BEGIN Records to process

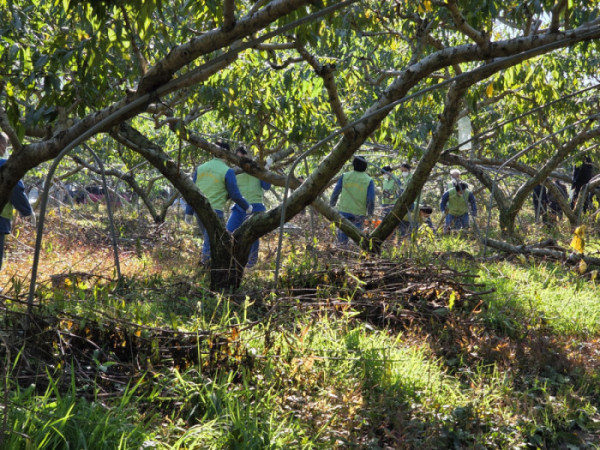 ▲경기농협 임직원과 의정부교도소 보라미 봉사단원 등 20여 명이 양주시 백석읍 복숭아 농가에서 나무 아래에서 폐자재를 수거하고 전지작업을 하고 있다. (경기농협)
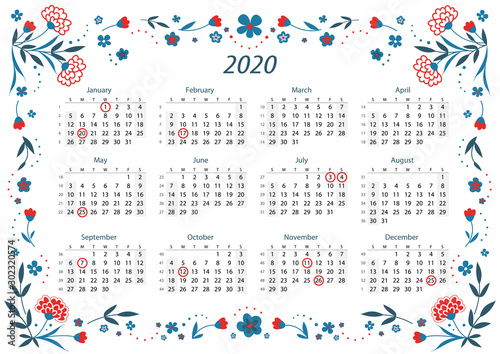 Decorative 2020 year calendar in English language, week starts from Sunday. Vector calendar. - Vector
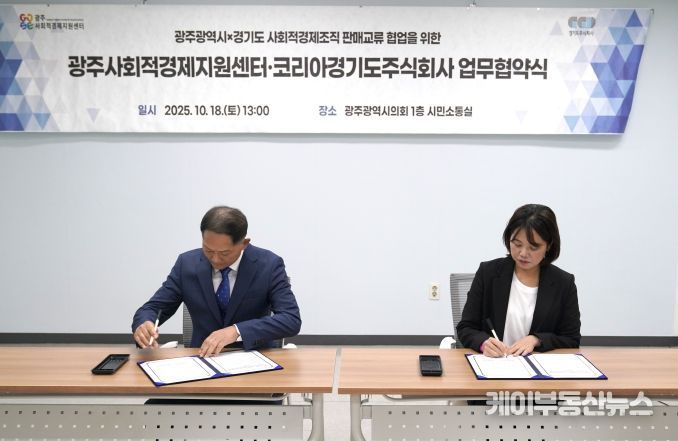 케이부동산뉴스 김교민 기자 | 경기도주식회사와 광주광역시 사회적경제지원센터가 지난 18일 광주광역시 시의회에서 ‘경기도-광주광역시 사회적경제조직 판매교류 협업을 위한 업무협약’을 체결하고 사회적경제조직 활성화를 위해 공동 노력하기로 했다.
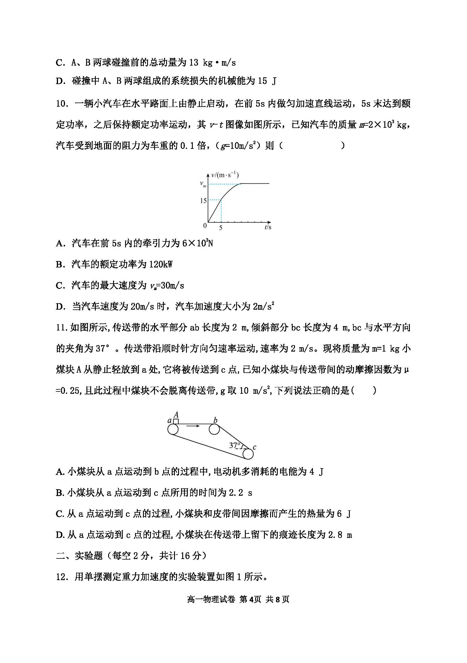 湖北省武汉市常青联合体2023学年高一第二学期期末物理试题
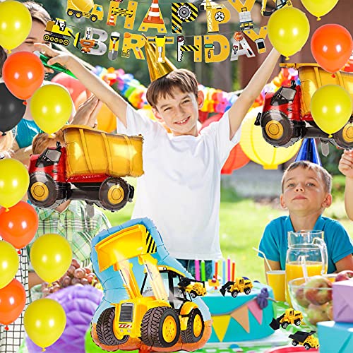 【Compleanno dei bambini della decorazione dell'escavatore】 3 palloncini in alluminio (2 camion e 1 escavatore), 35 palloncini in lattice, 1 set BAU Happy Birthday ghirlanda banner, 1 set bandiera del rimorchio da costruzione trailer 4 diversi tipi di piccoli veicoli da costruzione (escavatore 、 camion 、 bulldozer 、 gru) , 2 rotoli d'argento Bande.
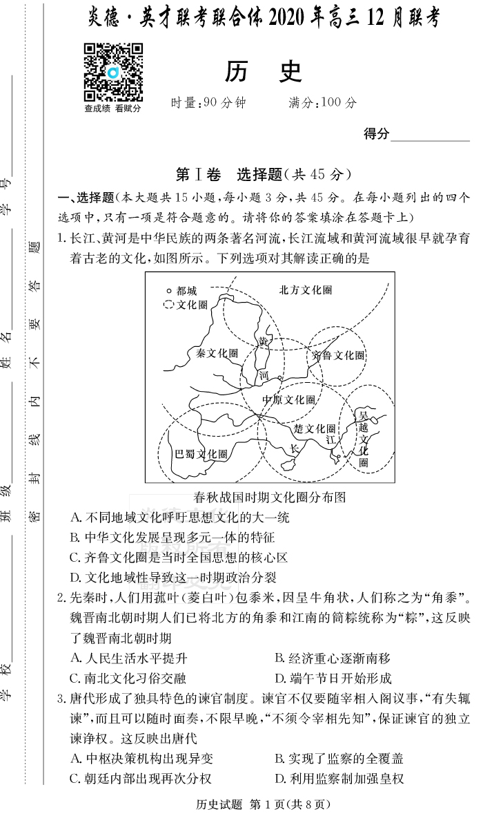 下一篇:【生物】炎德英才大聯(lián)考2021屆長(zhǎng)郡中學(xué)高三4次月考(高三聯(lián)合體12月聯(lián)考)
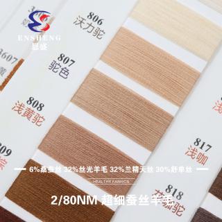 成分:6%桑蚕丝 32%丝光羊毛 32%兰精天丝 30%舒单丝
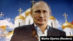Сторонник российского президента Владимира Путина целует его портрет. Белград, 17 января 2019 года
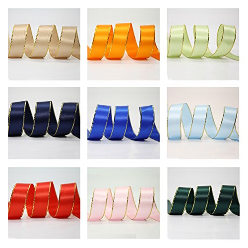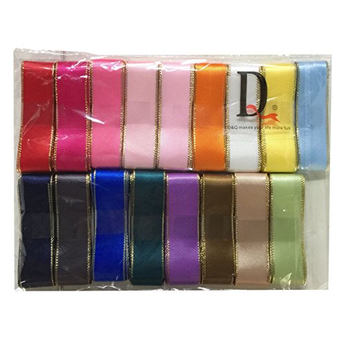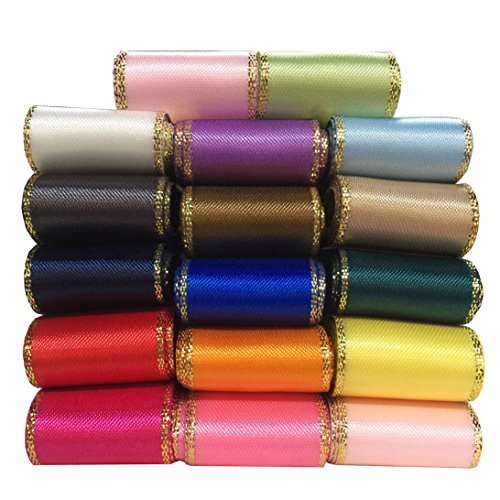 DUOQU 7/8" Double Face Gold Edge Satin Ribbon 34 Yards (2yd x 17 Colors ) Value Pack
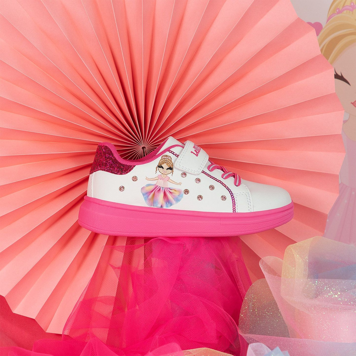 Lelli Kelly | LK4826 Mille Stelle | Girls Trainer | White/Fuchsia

END Records to process

### Task item
Would you please output each record exactly, leaving the images out?

### Response
 ▲경기농협 임직원과 의정부교도소 보라미 봉사단원 등 20여 명이 양주시 백석읍 복숭아 농가에서 나무 아래에서 폐자재를 수거하고 전지작업을 하고 있다. (경기농협)
 Decorative 2020 year calendar in English language, week starts from Sunday. Vector calendar. - Vector
 케이부동산뉴스 김교민 기자 | 경기도주식회사와 광주광역시 사회적경제지원센터가 지난 18일 광주광역시 시의회에서 ‘경기도-광주광역시 사회적경제조직 판매교류 협업을 위한 업무협약’을 체결하고 사회적경제조직 활성화를 위해 공동 노력하기로 했다.
 湖北省武汉市常青联合体2023学年高一第二学期期末物理试题
 【Compleanno dei bambini della decorazione dell'escavatore】 3 palloncini in alluminio (2 camion e 1 escavatore), 35 palloncini in lattice, 1 set BAU Happy Birthday ghirlanda banner, 1 set bandiera del rimorchio da costruzione trailer 4 diversi tipi di piccoli veicoli da costruzione (escavatore 、 camion 、 bulldozer 、 gru) , 2 rotoli d'argento Bande.
 下一篇:【生物】炎德英才大聯(lián)考2021屆長(zhǎng)郡中學(xué)高三4次月考(高三聯(lián)合體12月聯(lián)考)
 成分:6%桑蚕丝 32%丝光羊毛 32%兰精天丝 30%舒单丝
Сторонник российского президента Владимира Путина целует его портрет. Белград, 17 января 2019 года
 DUOQU 7/8" Double Face Gold Edge Satin Ribbon 34 Yards (2yd x 17 Colors ) Value Pack
 Lelli Kelly | LK4826 Mille Stelle | Girls Trainer | White/Fuchsia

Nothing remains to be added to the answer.